§ **What you will do**
Leaving out the pictures, retype the lines from the beginning of the listing through the line containing "근육 전문가들은 장요근, 대퇴사두근, 하퇴삼두근을".

§ **Data listing**

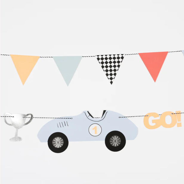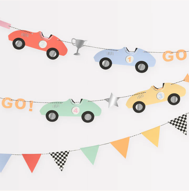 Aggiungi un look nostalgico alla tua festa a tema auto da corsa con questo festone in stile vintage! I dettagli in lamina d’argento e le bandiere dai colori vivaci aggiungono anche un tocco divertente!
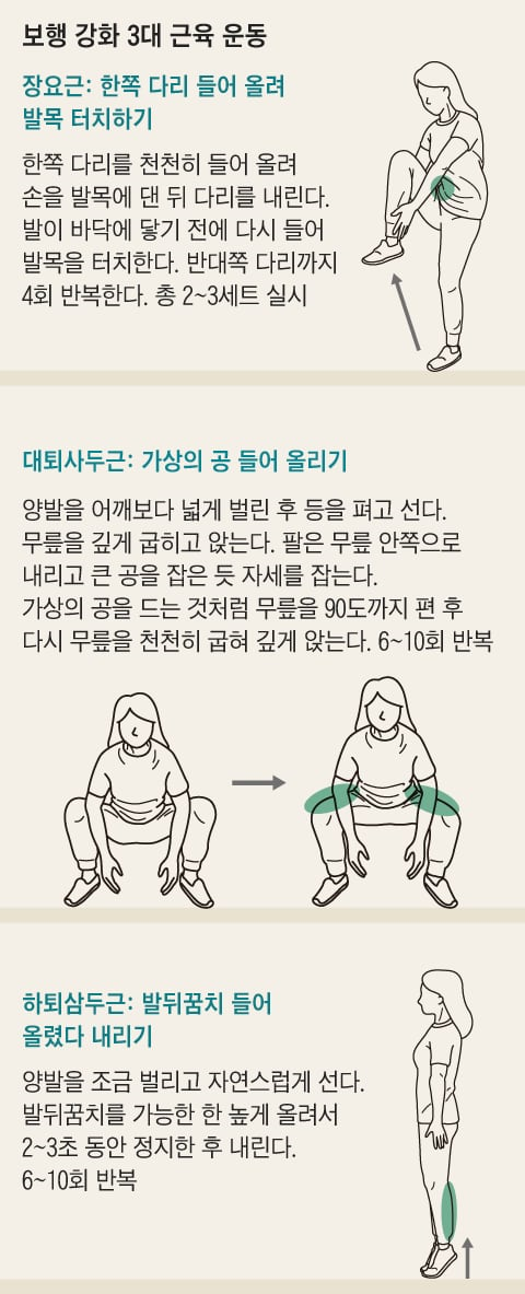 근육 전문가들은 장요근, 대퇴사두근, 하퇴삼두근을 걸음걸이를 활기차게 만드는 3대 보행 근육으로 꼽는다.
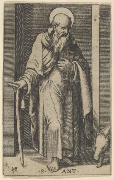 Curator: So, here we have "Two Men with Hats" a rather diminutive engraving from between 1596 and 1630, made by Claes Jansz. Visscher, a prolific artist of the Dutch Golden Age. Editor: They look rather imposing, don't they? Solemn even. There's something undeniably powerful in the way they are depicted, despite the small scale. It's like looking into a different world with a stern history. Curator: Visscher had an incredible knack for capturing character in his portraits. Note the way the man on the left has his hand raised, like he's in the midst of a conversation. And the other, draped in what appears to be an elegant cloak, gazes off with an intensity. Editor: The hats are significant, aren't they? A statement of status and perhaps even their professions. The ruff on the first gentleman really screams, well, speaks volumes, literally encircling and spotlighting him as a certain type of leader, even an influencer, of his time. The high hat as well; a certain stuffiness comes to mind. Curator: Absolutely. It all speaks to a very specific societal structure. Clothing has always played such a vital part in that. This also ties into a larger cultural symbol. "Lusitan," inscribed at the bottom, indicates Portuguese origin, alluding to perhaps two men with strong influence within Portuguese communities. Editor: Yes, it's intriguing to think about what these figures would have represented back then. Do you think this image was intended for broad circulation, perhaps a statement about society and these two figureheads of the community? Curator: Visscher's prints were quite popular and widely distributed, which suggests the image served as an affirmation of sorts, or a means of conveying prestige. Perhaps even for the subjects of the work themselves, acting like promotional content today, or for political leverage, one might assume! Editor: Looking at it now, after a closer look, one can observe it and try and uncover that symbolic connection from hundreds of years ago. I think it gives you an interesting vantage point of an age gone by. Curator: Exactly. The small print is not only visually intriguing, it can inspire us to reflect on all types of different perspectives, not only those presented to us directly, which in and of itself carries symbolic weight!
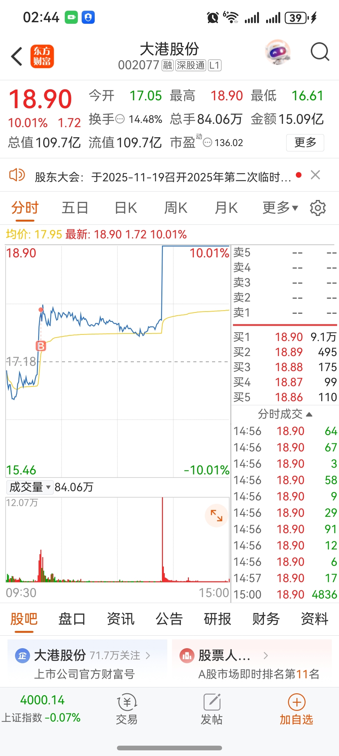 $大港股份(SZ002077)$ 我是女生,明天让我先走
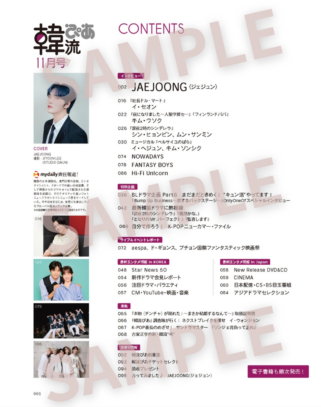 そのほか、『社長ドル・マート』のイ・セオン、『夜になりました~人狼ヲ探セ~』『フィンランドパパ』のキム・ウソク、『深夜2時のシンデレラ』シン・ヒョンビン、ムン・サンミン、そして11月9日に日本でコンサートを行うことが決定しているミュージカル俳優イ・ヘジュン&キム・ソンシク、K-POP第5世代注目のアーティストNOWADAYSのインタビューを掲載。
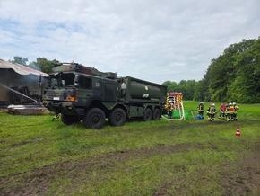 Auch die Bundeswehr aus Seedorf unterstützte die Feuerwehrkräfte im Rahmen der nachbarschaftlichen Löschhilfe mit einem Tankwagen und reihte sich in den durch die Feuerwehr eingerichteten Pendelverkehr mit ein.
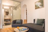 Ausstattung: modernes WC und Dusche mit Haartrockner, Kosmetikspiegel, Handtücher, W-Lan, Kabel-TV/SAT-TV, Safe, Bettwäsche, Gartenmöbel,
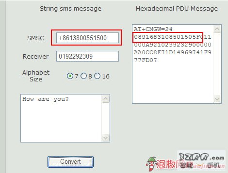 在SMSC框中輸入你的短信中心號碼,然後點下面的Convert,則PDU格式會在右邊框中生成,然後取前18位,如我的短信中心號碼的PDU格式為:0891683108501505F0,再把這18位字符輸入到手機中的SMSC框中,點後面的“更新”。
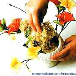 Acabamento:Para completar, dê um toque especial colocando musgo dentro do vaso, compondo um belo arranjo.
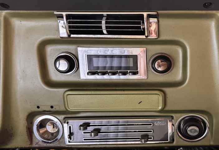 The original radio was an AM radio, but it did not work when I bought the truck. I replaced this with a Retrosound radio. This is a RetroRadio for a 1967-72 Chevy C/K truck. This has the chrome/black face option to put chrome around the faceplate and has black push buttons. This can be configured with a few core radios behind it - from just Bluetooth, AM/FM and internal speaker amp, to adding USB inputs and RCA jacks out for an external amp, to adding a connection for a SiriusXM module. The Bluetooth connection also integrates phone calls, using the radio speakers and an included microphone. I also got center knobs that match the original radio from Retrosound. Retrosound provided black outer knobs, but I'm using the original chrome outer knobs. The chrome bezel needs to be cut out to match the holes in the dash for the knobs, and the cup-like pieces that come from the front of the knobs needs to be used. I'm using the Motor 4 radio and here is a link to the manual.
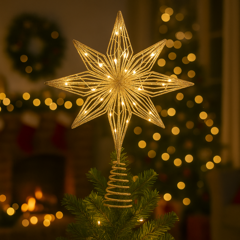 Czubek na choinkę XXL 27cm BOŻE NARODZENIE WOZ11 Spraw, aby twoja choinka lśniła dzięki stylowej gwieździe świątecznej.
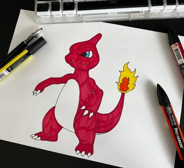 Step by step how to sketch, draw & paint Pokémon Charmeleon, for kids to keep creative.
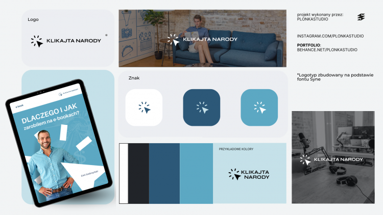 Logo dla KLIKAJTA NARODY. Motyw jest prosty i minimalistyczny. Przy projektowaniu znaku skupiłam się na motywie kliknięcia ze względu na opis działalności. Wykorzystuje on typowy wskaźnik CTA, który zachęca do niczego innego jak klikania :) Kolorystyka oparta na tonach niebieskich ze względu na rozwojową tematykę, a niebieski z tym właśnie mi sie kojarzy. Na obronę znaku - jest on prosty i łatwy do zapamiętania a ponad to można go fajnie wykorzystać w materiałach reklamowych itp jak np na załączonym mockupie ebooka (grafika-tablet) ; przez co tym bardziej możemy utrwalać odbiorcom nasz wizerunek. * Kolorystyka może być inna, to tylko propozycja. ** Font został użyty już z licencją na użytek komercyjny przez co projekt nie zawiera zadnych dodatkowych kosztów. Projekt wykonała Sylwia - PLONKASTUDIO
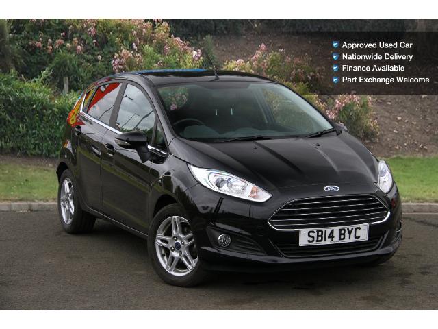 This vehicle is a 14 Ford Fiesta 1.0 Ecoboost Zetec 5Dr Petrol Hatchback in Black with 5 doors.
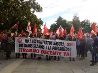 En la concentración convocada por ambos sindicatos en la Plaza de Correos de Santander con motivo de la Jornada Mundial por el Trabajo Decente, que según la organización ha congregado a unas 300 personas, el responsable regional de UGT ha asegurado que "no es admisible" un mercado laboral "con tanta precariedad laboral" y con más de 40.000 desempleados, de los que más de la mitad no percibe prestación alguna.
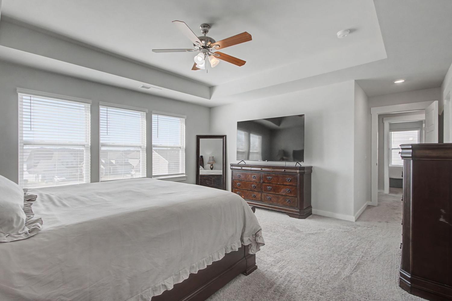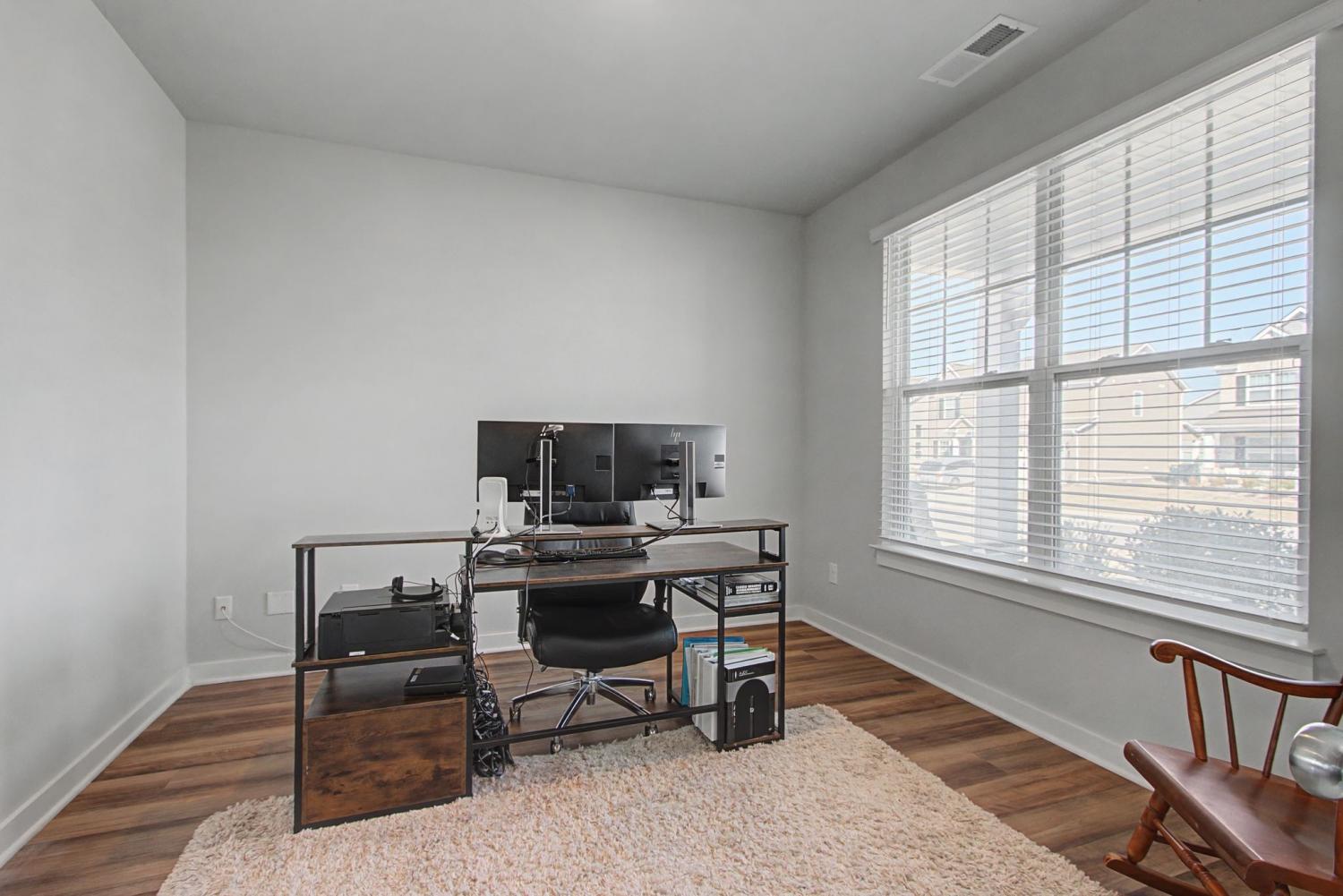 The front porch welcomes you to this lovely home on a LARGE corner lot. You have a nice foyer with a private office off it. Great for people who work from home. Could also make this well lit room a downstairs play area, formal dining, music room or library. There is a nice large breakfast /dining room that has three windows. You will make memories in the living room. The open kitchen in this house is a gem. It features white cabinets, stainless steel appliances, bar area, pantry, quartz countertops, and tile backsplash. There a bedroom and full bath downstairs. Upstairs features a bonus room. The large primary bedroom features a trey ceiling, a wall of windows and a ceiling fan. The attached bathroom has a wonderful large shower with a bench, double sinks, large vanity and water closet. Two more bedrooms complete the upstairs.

§ **Output of the exercise**
 Aggiungi un look nostalgico alla tua festa a tema auto da corsa con questo festone in stile vintage! I dettagli in lamina d’argento e le bandiere dai colori vivaci aggiungono anche un tocco divertente!
 근육 전문가들은 장요근, 대퇴사두근, 하퇴삼두근을 걸음걸이를 활기차게 만드는 3대 보행 근육으로 꼽는다.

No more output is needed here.